**YOUR ASSIGNMENT:** In your copy, leave out all pictures and reproduce every entry exactly.

**RECORDS PROVIDED:**
══════

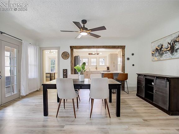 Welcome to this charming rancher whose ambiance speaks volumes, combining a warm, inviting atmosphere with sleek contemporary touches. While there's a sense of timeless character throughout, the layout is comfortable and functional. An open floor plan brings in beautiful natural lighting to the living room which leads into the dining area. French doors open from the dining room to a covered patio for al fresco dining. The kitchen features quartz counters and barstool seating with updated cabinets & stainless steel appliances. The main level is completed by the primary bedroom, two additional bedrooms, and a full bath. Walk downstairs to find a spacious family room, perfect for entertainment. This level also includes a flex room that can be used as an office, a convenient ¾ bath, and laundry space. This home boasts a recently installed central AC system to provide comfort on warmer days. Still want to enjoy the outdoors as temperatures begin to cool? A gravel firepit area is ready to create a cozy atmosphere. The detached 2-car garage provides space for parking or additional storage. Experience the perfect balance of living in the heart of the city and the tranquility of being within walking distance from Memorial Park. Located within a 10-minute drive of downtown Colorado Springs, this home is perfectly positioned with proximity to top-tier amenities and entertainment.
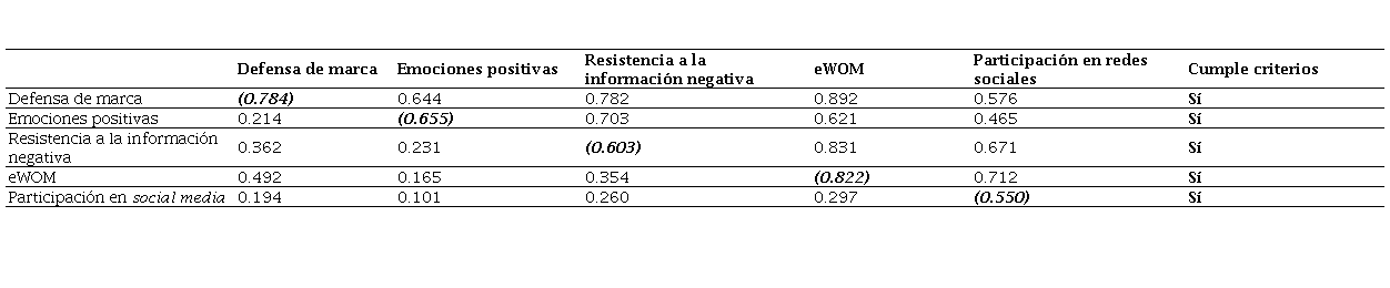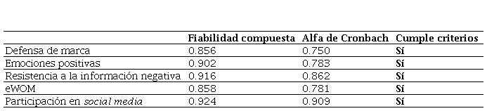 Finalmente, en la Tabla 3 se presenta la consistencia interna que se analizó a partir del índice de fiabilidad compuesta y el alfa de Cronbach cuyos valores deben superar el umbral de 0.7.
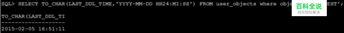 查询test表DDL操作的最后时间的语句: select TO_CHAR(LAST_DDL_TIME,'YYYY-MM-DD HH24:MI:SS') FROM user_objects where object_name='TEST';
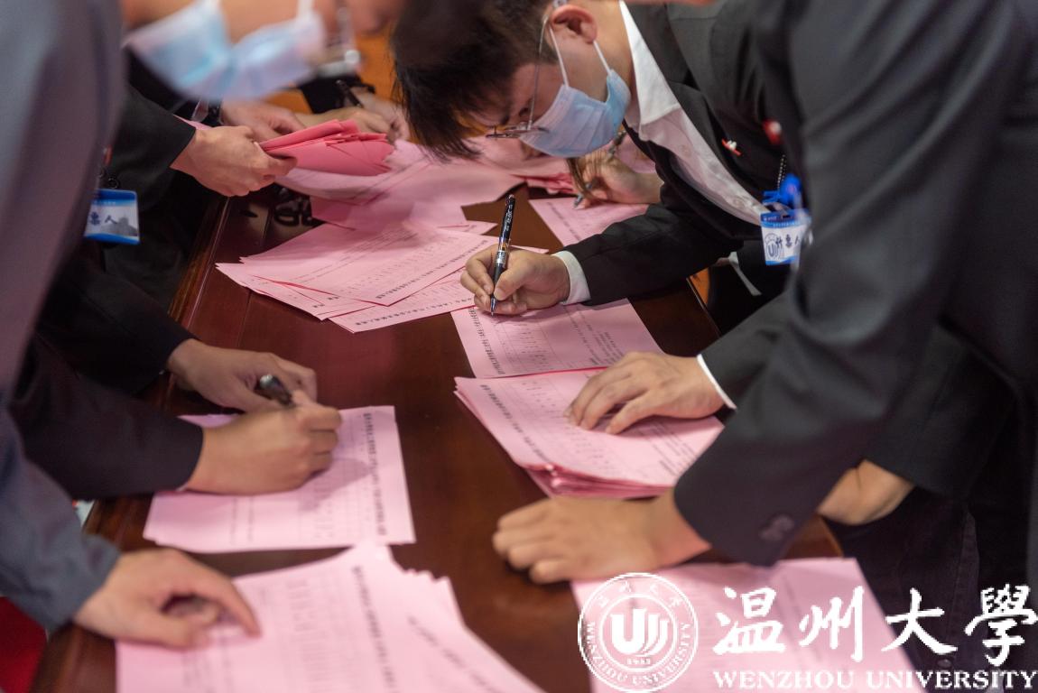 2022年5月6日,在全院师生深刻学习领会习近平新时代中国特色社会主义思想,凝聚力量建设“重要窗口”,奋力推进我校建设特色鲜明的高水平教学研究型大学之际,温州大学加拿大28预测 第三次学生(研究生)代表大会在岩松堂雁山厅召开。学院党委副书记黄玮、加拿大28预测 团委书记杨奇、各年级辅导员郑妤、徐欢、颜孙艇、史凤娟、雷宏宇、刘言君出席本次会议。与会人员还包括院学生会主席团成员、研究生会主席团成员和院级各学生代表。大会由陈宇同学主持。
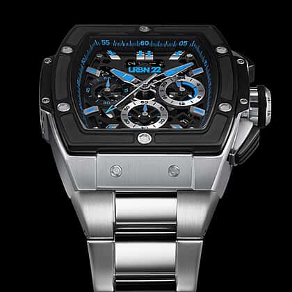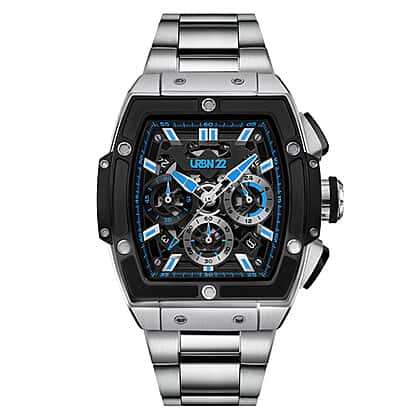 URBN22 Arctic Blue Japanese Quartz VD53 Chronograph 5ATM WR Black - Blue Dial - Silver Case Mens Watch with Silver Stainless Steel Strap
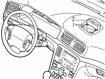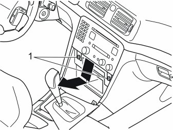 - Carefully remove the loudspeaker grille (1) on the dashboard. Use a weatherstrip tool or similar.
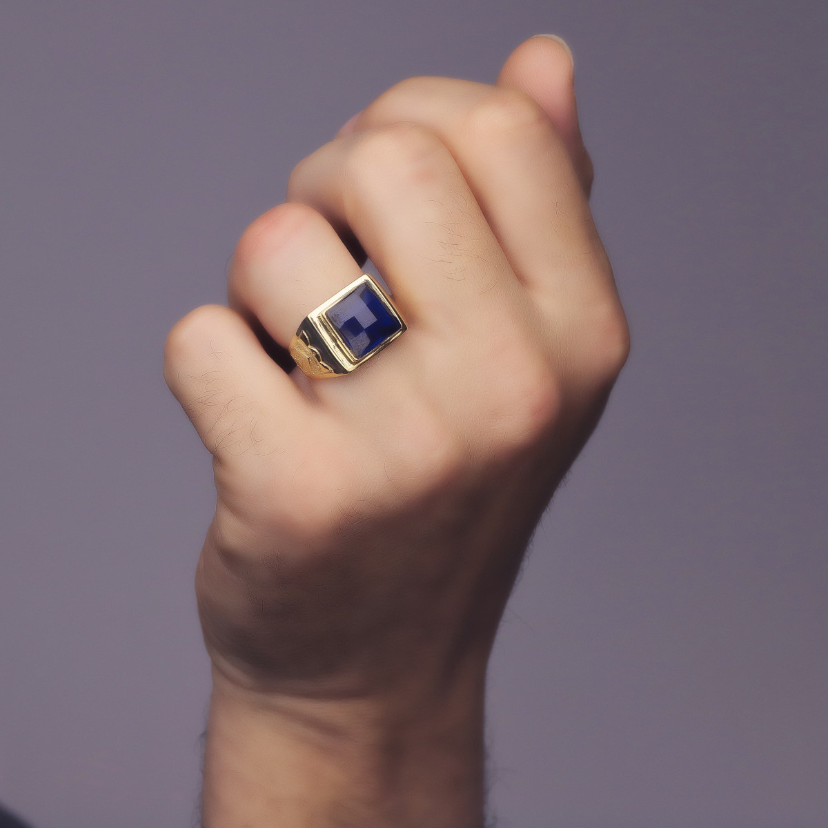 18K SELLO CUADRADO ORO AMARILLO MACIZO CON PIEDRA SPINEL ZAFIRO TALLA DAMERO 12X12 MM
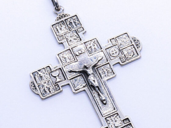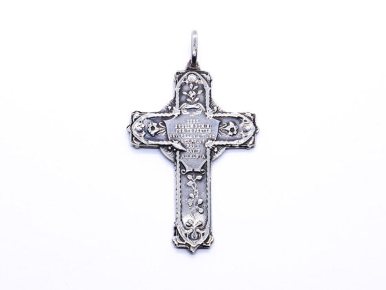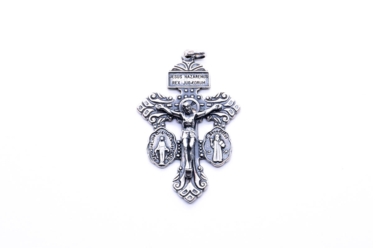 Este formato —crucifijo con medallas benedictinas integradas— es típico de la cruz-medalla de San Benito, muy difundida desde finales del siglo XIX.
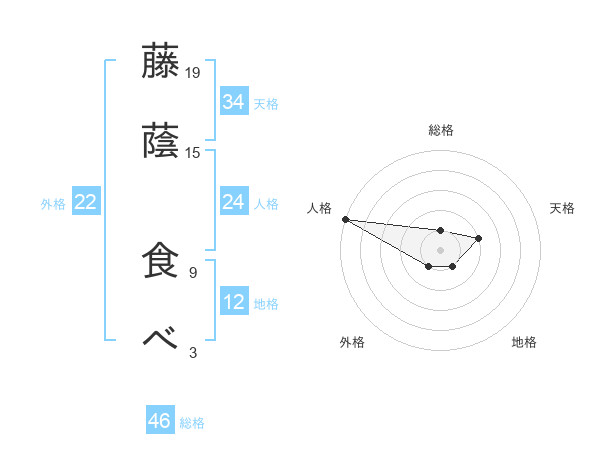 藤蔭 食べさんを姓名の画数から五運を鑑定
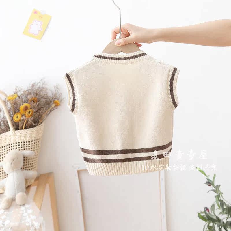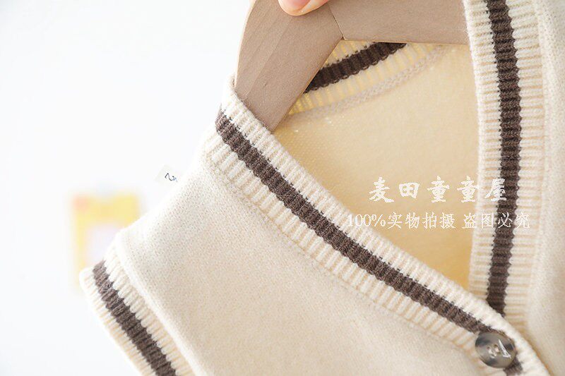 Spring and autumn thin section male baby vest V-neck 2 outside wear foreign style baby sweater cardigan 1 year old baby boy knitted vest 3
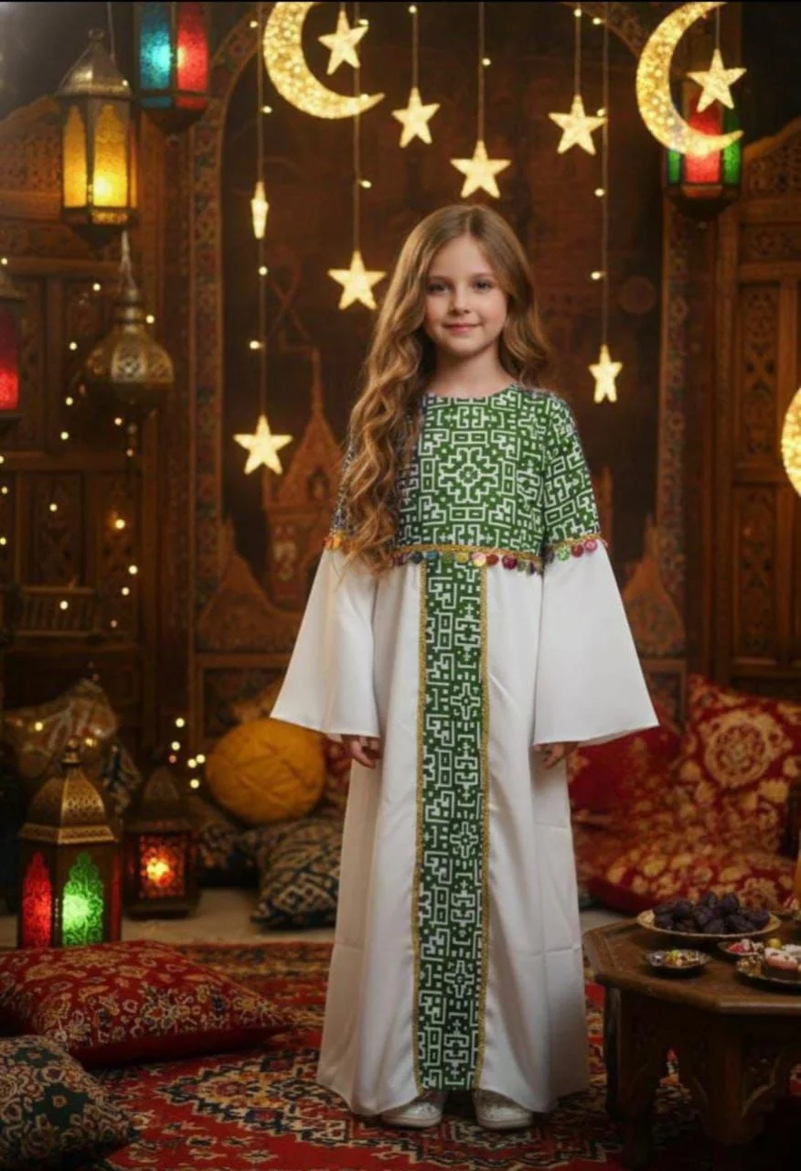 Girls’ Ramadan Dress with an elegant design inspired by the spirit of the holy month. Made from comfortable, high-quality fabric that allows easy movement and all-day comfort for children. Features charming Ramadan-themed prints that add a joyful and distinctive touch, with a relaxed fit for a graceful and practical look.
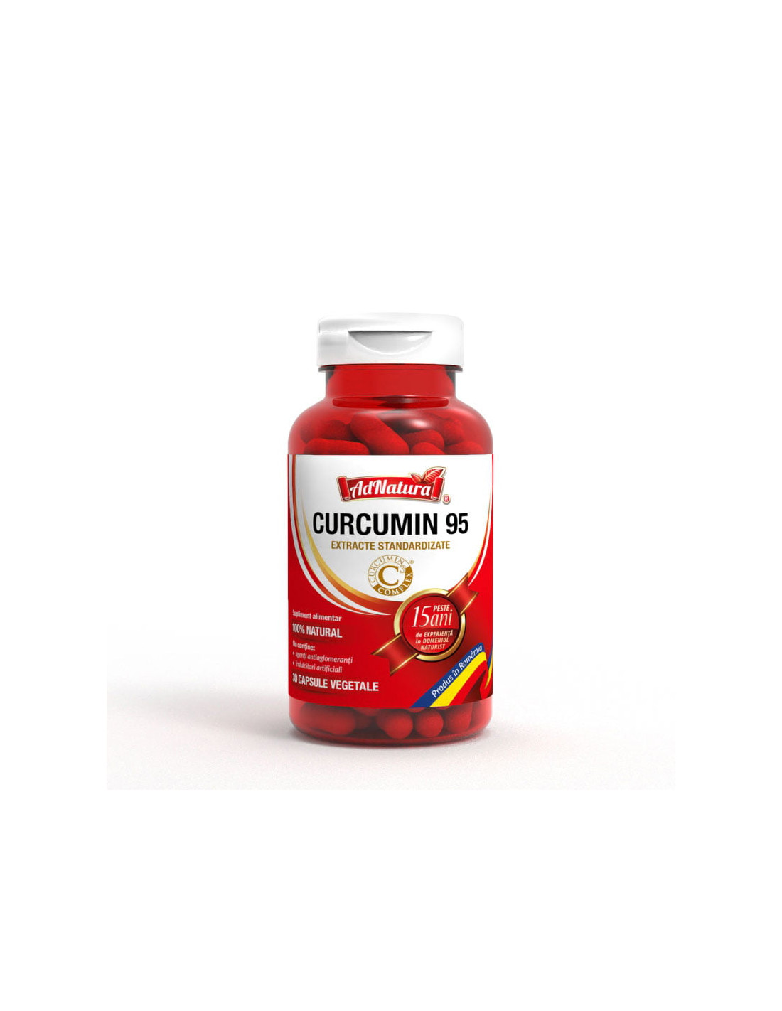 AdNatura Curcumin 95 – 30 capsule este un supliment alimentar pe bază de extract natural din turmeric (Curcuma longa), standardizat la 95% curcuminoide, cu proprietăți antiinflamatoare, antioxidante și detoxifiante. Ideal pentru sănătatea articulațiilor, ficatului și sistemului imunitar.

══════

**WORKED SOLUTION:**
 Welcome to this charming rancher whose ambiance speaks volumes, combining a warm, inviting atmosphere with sleek contemporary touches. While there's a sense of timeless character throughout, the layout is comfortable and functional. An open floor plan brings in beautiful natural lighting to the living room which leads into the dining area. French doors open from the dining room to a covered patio for al fresco dining. The kitchen features quartz counters and barstool seating with updated cabinets & stainless steel appliances. The main level is completed by the primary bedroom, two additional bedrooms, and a full bath. Walk downstairs to find a spacious family room, perfect for entertainment. This level also includes a flex room that can be used as an office, a convenient ¾ bath, and laundry space. This home boasts a recently installed central AC system to provide comfort on warmer days. Still want to enjoy the outdoors as temperatures begin to cool? A gravel firepit area is ready to create a cozy atmosphere. The detached 2-car garage provides space for parking or additional storage. Experience the perfect balance of living in the heart of the city and the tranquility of being within walking distance from Memorial Park. Located within a 10-minute drive of downtown Colorado Springs, this home is perfectly positioned with proximity to top-tier amenities and entertainment.
 Finalmente, en la Tabla 3 se presenta la consistencia interna que se analizó a partir del índice de fiabilidad compuesta y el alfa de Cronbach cuyos valores deben superar el umbral de 0.7.
 查询test表DDL操作的最后时间的语句: select TO_CHAR(LAST_DDL_TIME,'YYYY-MM-DD HH24:MI:SS') FROM user_objects where object_name='TEST';
 2022年5月6日,在全院师生深刻学习领会习近平新时代中国特色社会主义思想,凝聚力量建设“重要窗口”,奋力推进我校建设特色鲜明的高水平教学研究型大学之际,温州大学加拿大28预测 第三次学生(研究生)代表大会在岩松堂雁山厅召开。学院党委副书记黄玮、加拿大28预测 团委书记杨奇、各年级辅导员郑妤、徐欢、颜孙艇、史凤娟、雷宏宇、刘言君出席本次会议。与会人员还包括院学生会主席团成员、研究生会主席团成员和院级各学生代表。大会由陈宇同学主持。
 URBN22 Arctic Blue Japanese Quartz VD53 Chronograph 5ATM WR Black - Blue Dial - Silver Case Mens Watch with Silver Stainless Steel Strap
 - Carefully remove the loudspeaker grille (1) on the dashboard. Use a weatherstrip tool or similar.
 18K SELLO CUADRADO ORO AMARILLO MACIZO CON PIEDRA SPINEL ZAFIRO TALLA DAMERO 12X12 MM
 Este formato —crucifijo con medallas benedictinas integradas— es típico de la cruz-medalla de San Benito, muy difundida desde finales del siglo XIX.
 藤蔭 食べさんを姓名の画数から五運を鑑定
 Spring and autumn thin section male baby vest V-neck 2 outside wear foreign style baby sweater cardigan 1 year old baby boy knitted vest 3
 Girls’ Ramadan Dress with an elegant design inspired by the spirit of the holy month. Made from comfortable, high-quality fabric that allows easy movement and all-day comfort for children. Features charming Ramadan-themed prints that add a joyful and distinctive touch, with a relaxed fit for a graceful and practical look.
 AdNatura Curcumin 95 – 30 capsule este un supliment alimentar pe bază de extract natural din turmeric (Curcuma longa), standardizat la 95% curcuminoide, cu proprietăți antiinflamatoare, antioxidante și detoxifiante. Ideal pentru sănătatea articulațiilor, ficatului și sistemului imunitar.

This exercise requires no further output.